◆ **Information shown**
»»

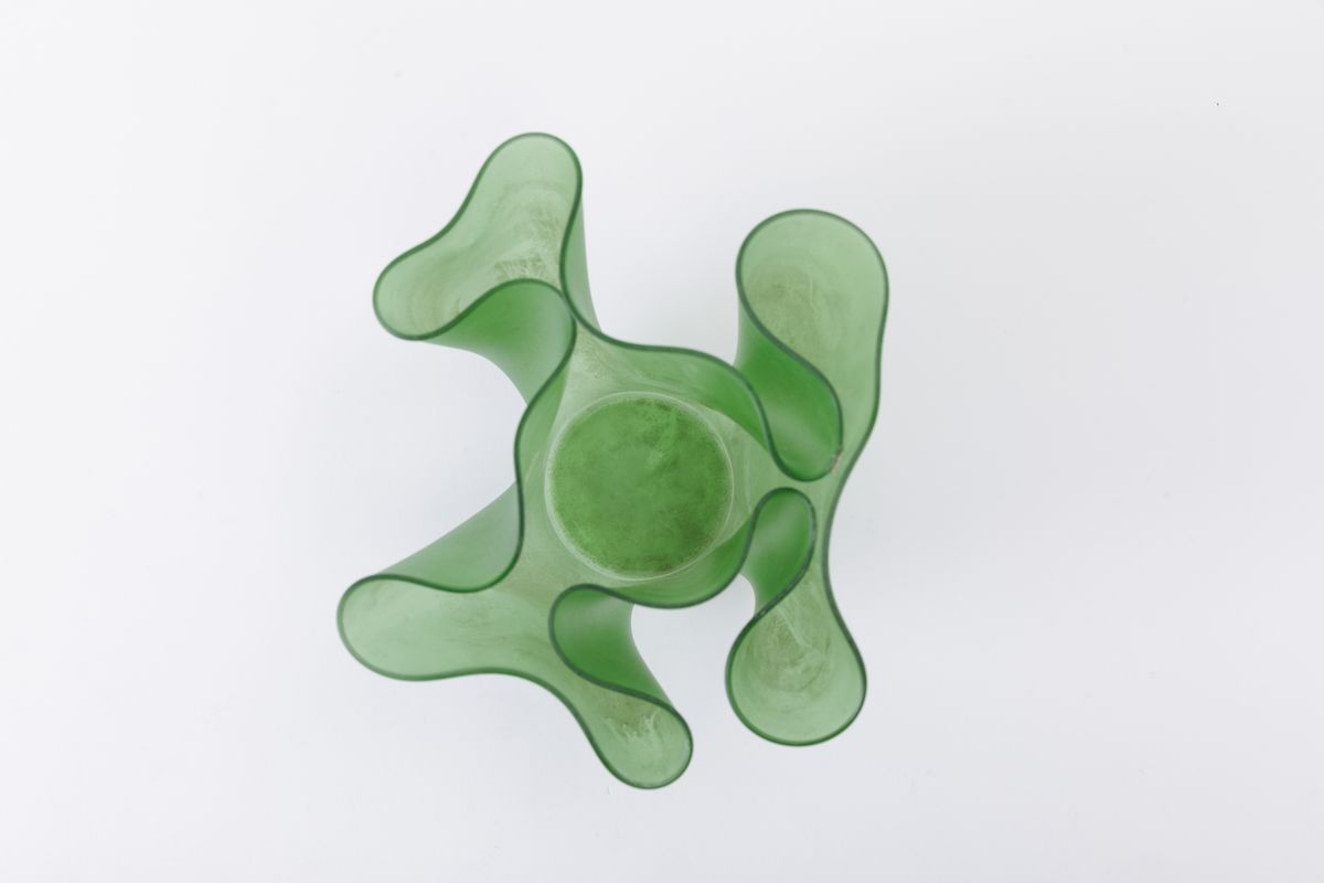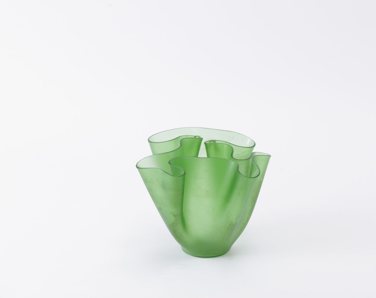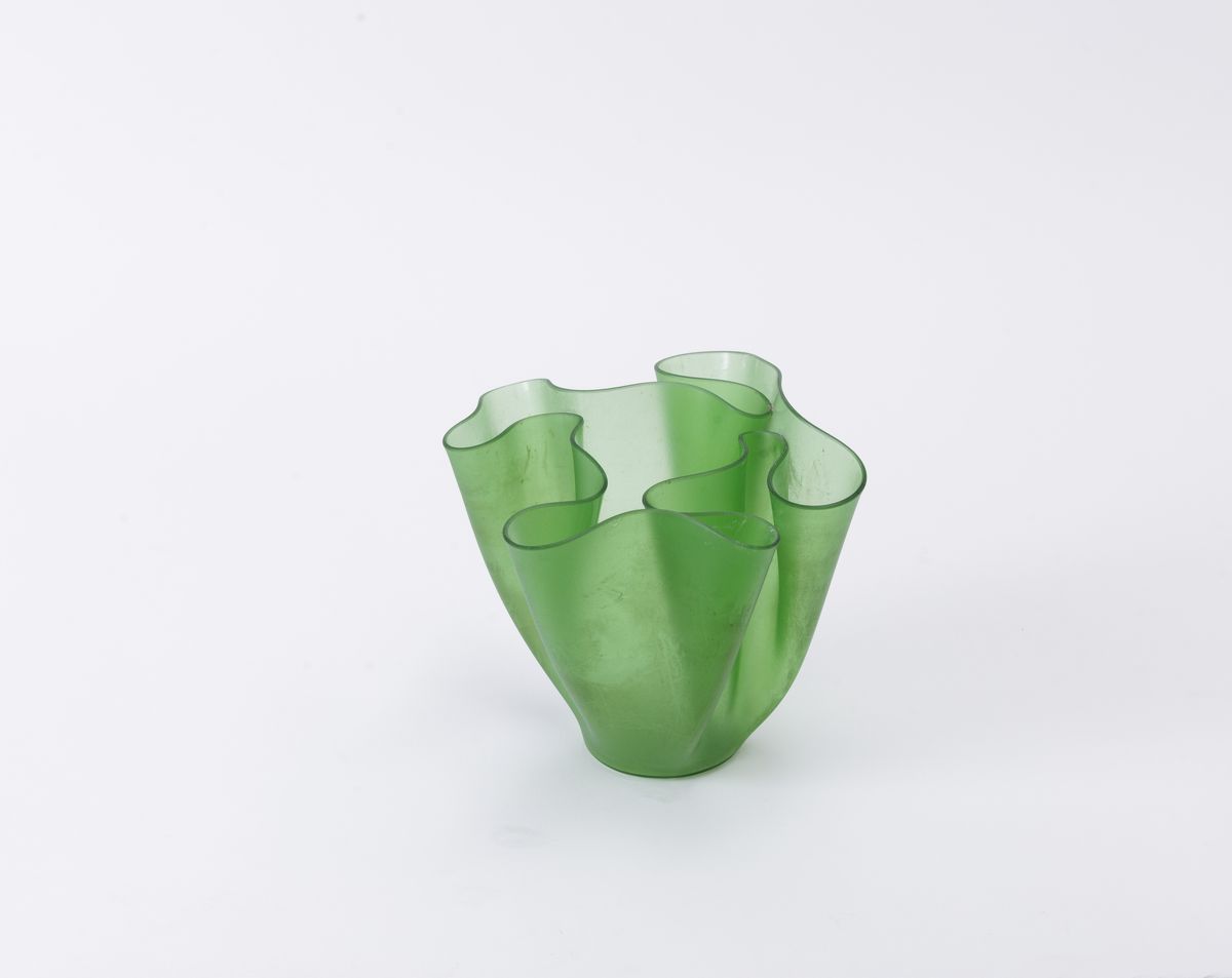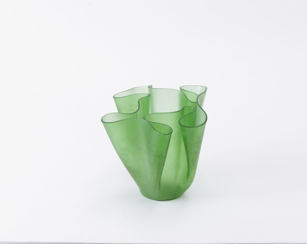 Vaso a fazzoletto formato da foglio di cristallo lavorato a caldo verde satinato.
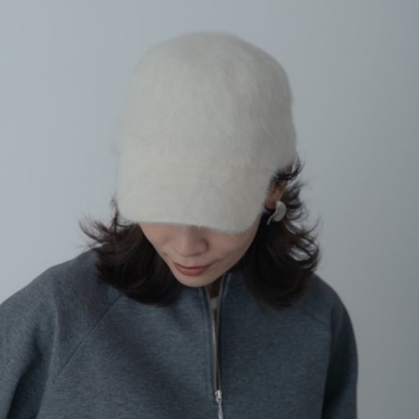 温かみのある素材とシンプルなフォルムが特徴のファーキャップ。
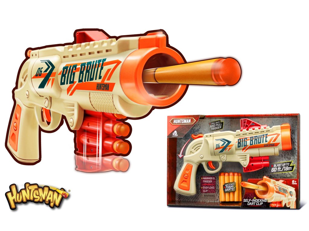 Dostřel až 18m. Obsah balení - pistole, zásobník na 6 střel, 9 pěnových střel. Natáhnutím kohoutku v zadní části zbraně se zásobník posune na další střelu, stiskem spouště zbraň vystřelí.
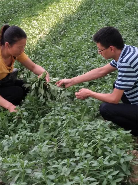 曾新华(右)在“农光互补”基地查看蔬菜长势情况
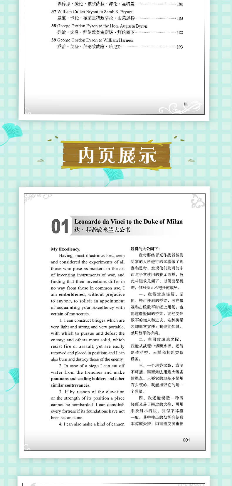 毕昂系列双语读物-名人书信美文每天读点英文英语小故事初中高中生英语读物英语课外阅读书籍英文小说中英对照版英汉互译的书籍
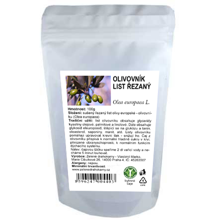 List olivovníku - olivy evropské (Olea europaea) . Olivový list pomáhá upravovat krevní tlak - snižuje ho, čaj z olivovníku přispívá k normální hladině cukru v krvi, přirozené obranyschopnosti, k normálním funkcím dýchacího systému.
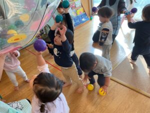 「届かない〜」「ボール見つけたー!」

««

Reproduce the material above from its first line through the line containing "温かみのある素材とシンプルなフォルムが特徴のファーキャップ。", both ends included, and skip every picture.

◆ **Task answer**
 Vaso a fazzoletto formato da foglio di cristallo lavorato a caldo verde satinato.
 温かみのある素材とシンプルなフォルムが特徴のファーキャップ。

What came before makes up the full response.